Esemplifico: se un componente viene prelevato dal magazzino di giacenza perché deve essere usato sulle linee di produzione, la "causale" (di tale "movimento") potrebbe essere "versamento in Produzione". 
Dans le cas d'un virement bancaire, la "causale" pourrait être "paiement de la facture N° 1234" ... etc. souvent j'ai utilisé "cause", mais "description" aussi ... je ne sais vraiment pas


----------



## matoupaschat

Credo che in questo caso in francese si dirà semplicemente "gestion du/des stocks" senza più dettaglio (logiciel de gestion des stocks), ma non era evidente, tra una frase italiana incompleta e una prima traduzione che qualificheremo di assai libera...

I soliti XXXX a te!

PS Forse meglio "détail de gestion des stocks" o "gestion détaillée..."


----------



## Anja.Ann

Matou,  "Détail _des mouvements_"?
Oui, anche a te!


----------



## matoupaschat

Anja.Ann said:


> Matou,  "Détail _des mouvements_"?


Una cosa del genere, non so.


----------



## Anja.Ann

Aspettiamo, Matou  ... arriverà qualche esperto!


----------



## Nunou

Lungi da essere un'esperta, posso dire che l'unica casuale che conosco è la casuale di pagamento/versamento. Nel nostro contesto, in sostanza mi pare che voglia comunque dire motivo/ragione dei movimenti di magazzino. _Raison_ des mouvements de stock?
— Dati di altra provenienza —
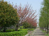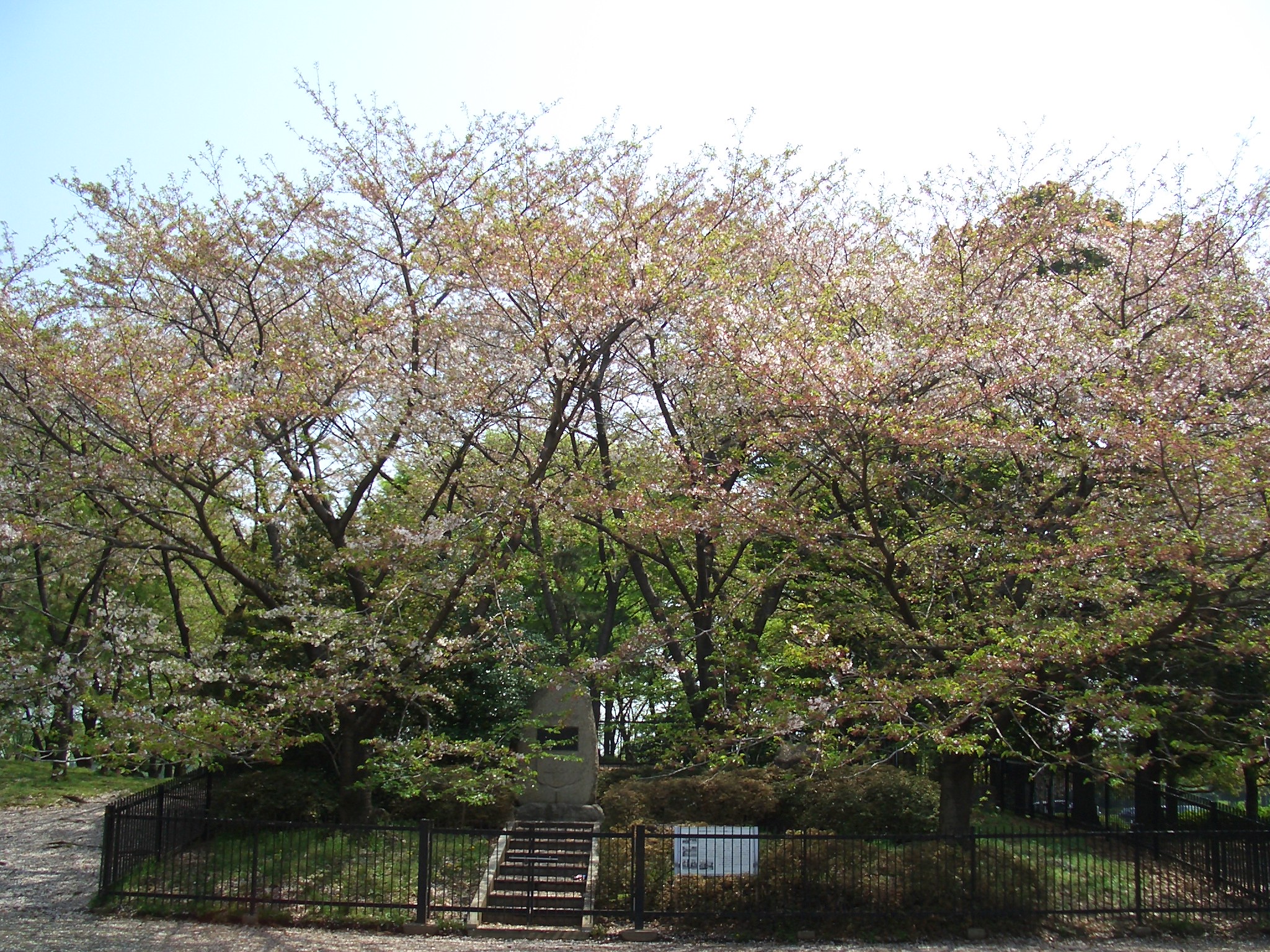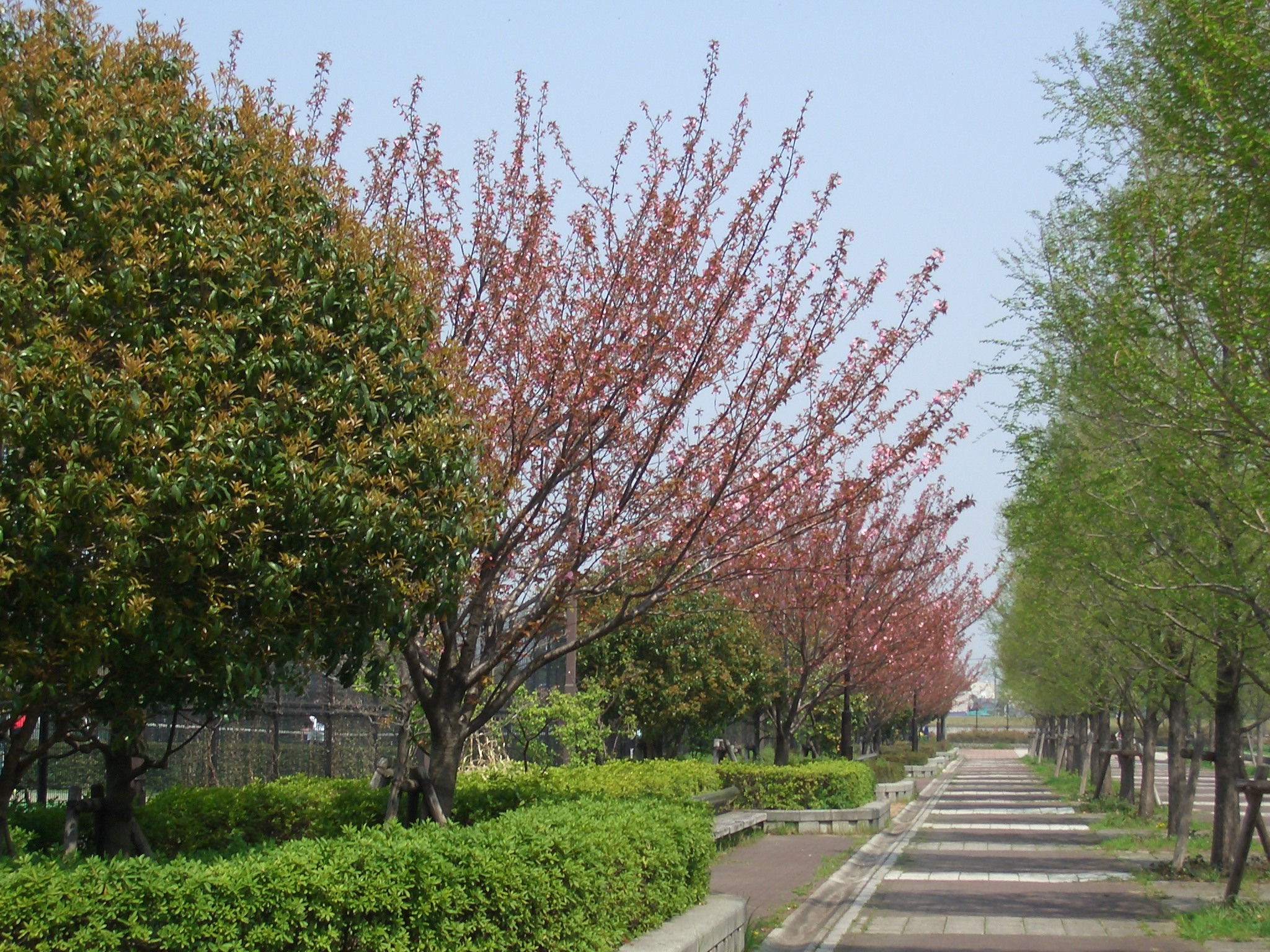 都立・舎人(とねり)公園は昭和56年開園の広さ513,000uを誇る、都内最大級の公園である。園内は道路によって大きく四つに区画され、野球場、陸上競技場、テニスコートや自由広場、キャンプ広場などが配置されている。広い園内は交通の便が悪いせいか人影は少なかった。管理事務所前の道路沿い園地にレーガン櫻がある。ワシントンのポトマック河畔の苗木が、昭和56年レーガン元大統領夫人の尽力により里帰りしたものという。樹種はソメイヨシノで、花は殆ど散っていた。テニスコート脇にある濃いピンク色のサトザクラが満開で目を惹いた。 |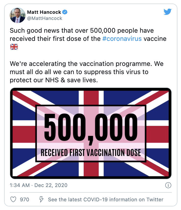 在今日的疫情新闻发布会上,鲍里斯宣布了喜讯:英国已经有50万人注射了新冠疫苗的第一针剂。官方仍在加速,一切都在按照疫苗注射计划进行。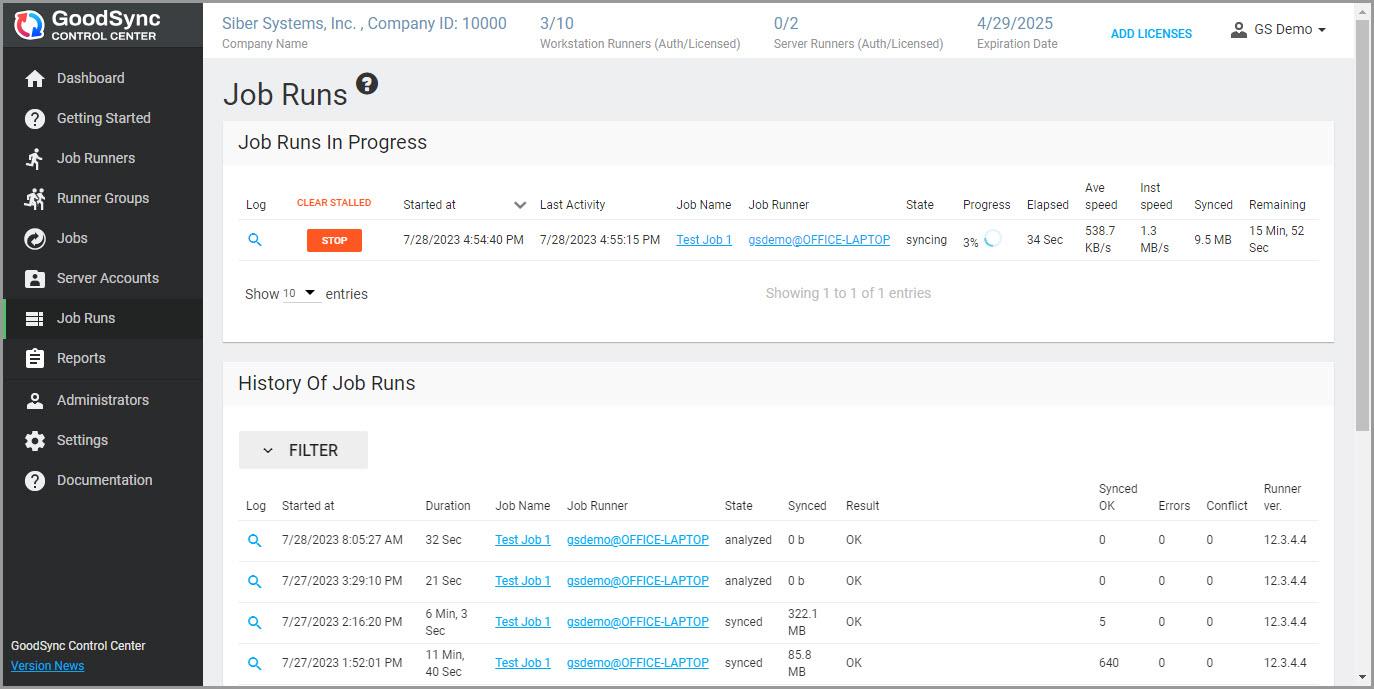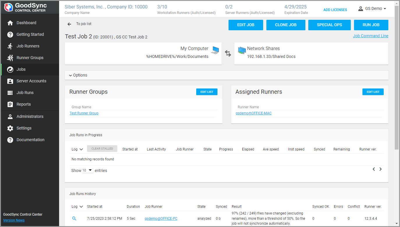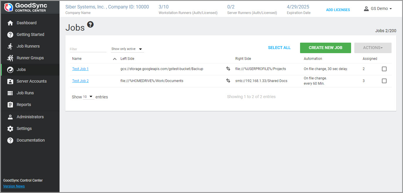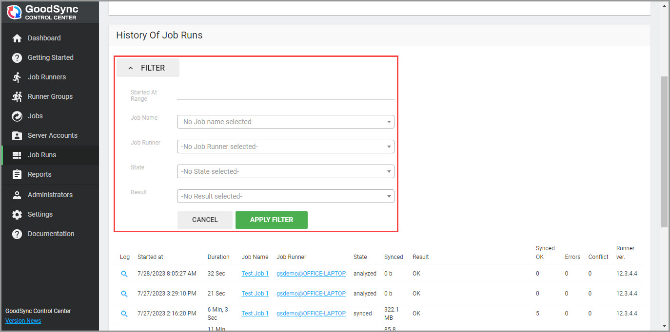 - Jobs lists all GoodSync Jobs available through the Control Center. The Administrator may add/remove and edit all Job Options assign Runners to Jobs. A new and easier way is to create and edit Jobs in a regular GoodSync GUI client, then Sync Jobs to Control Center.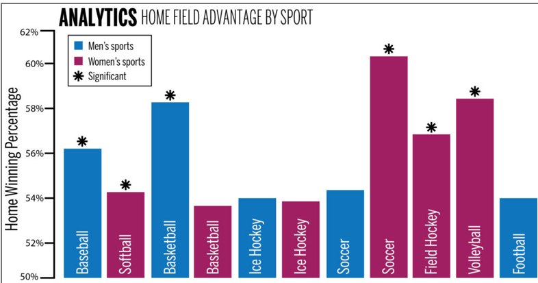 I believe the elimination of tickets purchases in our “minor” sports will encourage greater attendance for our home games. That would translate to more active cheering and more concession sales. I attend all men’s and women’s games and I know that our loud enthusiasm pumps up the players. (See the chart below.) Doubling the fan base in men’s and women’s soccer, volleyball, field hockey, and wrestling may be the difference between a win and a very close loss. Fans, coaches and, more importantly, the players, will go home happy after a “W”. I’m mystified that local schools (K through high school seniors) aren’t given the opportunity to attend games for free or at a very modest price. They may not pay at the gate but a boost in concessions and a full loud upper deck can’t be a bad thing. Crowds came in mass during some of the Welsh years because people love winners.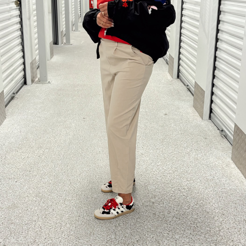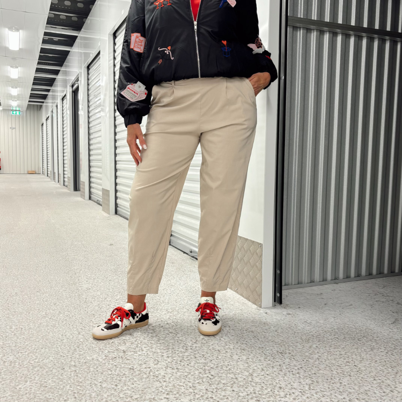 Denna version av Davina-byxor är moderna, tunna byxor i en mjuk och stretchig kvalitet som kombinerar komfort med en cool och avslappnad look. Byxorna har hög midja, veck framtill och en rundad silhuett, vilket ger en smickrande nederkant och en avslappnad passform. Det elastiska materialet säkerställer full rörelsefrihet och gör dem perfekta för både vardagsbruk och en mer elegant styling.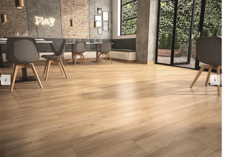 Suelo laminado AC5 10mm. Modelo Embero. Lama de 128,5×19,2cm. Acabado estructurado biselado. Instalación en clic. Paquete de 1,73m2. Se vende por paquetes.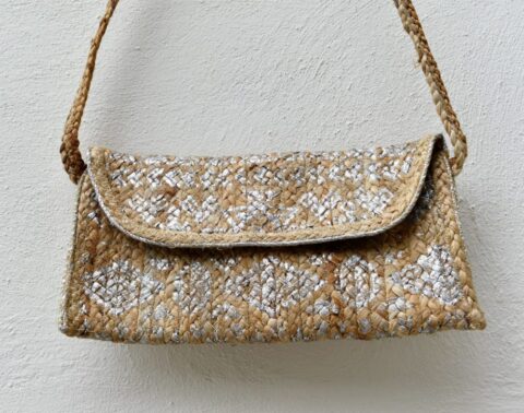 1157 Jute silver sling bag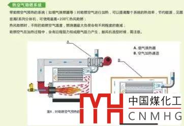 由于導(dǎo)熱油鍋爐的油溫較高,因此排煙溫度高于蒸汽鍋爐,能達(dá)到320℃左右。如果煙氣熱量不能合理利用,將大大的增加燃?xì)獾暮牧?,所以?dǎo)熱油鍋爐一般都選用“熱風(fēng)助燃燃燒器”(如下圖)。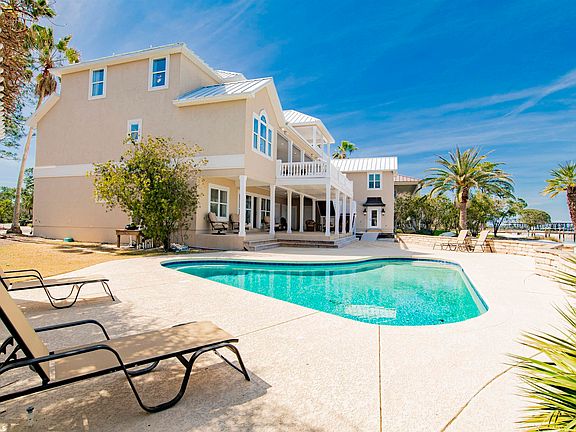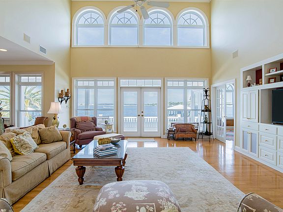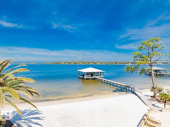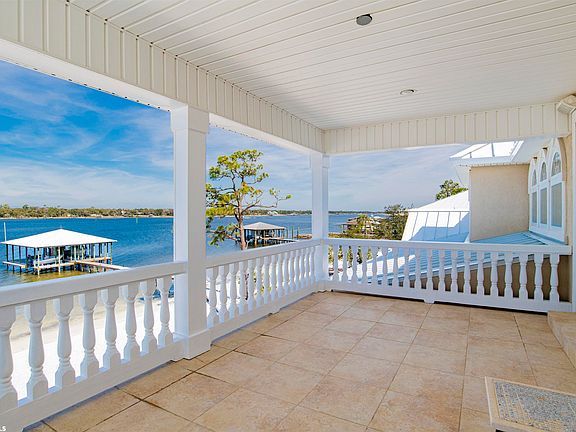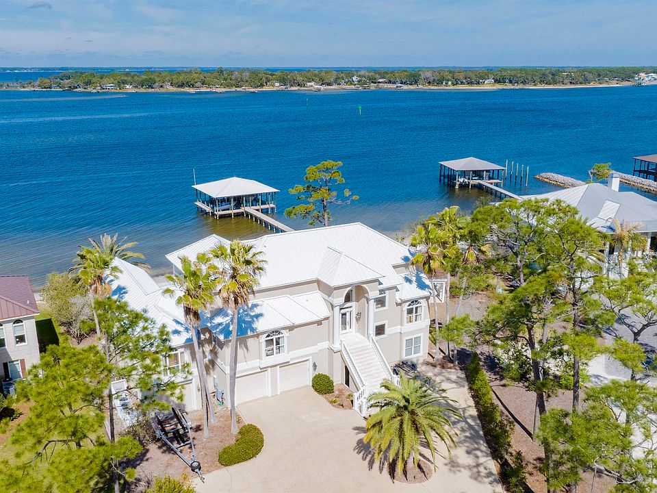 Location, location, location! One-owner custom well constructed home overlooking beautiful Bayou St. John. Exceptional views and spectacular year-round sunsets. Over 179 feet on the water with natural white, sandy beaches. Open flowing floor plan ideal for family gatherings and entertaining guests. Spacious rooms, large porches, quiet cul-de-sac street offering safety for pets and children to ride their bikes and enjoy a sense of freedom. Beyond the verandas, a pretty deck gives way to a pool overlooking the bay. Totally redone covered boathouse with 2 lifts/new flow-through decking. The home's ground floor flows from huge garages, workrooms, rod room, bath, 2 bedrooms, bonus room, tons of storage for all your toys, open great room with kitchenette. The second level includes four bedrooms, office, 4.5 baths, spacious kitchen, living room and more. Ride the ELEVATOR to the third level which features the primary bedroom suite with covered sunset balcony and another bedroom with private bath. Tranquil location--perfectly situated for water sports and fishing enthusiasts. This home could easily serve as a primary residence or the perfect island vacation villa.

E chi lo sa...è un campo abbastanza specifico e non ho mai avuto a che farci. A mio avviso, tutti questi termini, compreso "détail", potrebbero riferirsi anche ad altri dati tipo codice, data, definizione ecc. ecc. mentre qui mi pare s'intenda un commento aggiuntivo, tipo un "commentaire" ...il problema è che non ne sono affatto sicura.
Se si tratta di un sofware di gestione di magazzino, l'unico consiglio che mi sento di dare è quello di andare a cercare su google cosa dice/_come si esprime_ la concorrenza...

Nel link qui sotto mi pare dicano "libellé"
http://www.softdz.com/mouvements-de-stocks

In questo invece "COMMENTMOUV" (p. 2 - in altro a destra della seconda tabella)
http://www.bts21.com/wiki/images/d/d0/Formustocks.pdf

Mi spiace ma non riesco ad essere più utile di così....vista l'ora, vi anticipo gli auguri di buona cena e buona serata! 

EDIT: 



CommentairesCommentaires éventuelles pour la traçabilité




MouvementRaison du mouvement de stock


L'ho trovato nel link sottostante
http://www.openinfo3w.com/wiki/index.php?title=Entrée/Sortie/Mouvement_de_stock_manuelle


----------



## matoupaschat

D'accordo con voi, care Signore, causale (it) = cause, motif, justification (fr). Suppongo che potrebbe benissimo  essere anche causa, motivo, ecc. in italiano. Questione di moda e di settorialità .

Bizz a tutte e due.

Matou.


----------



## Anja.Ann

matoupaschat said:


> *justification* (fr). Bizz a tutte e due.Matou.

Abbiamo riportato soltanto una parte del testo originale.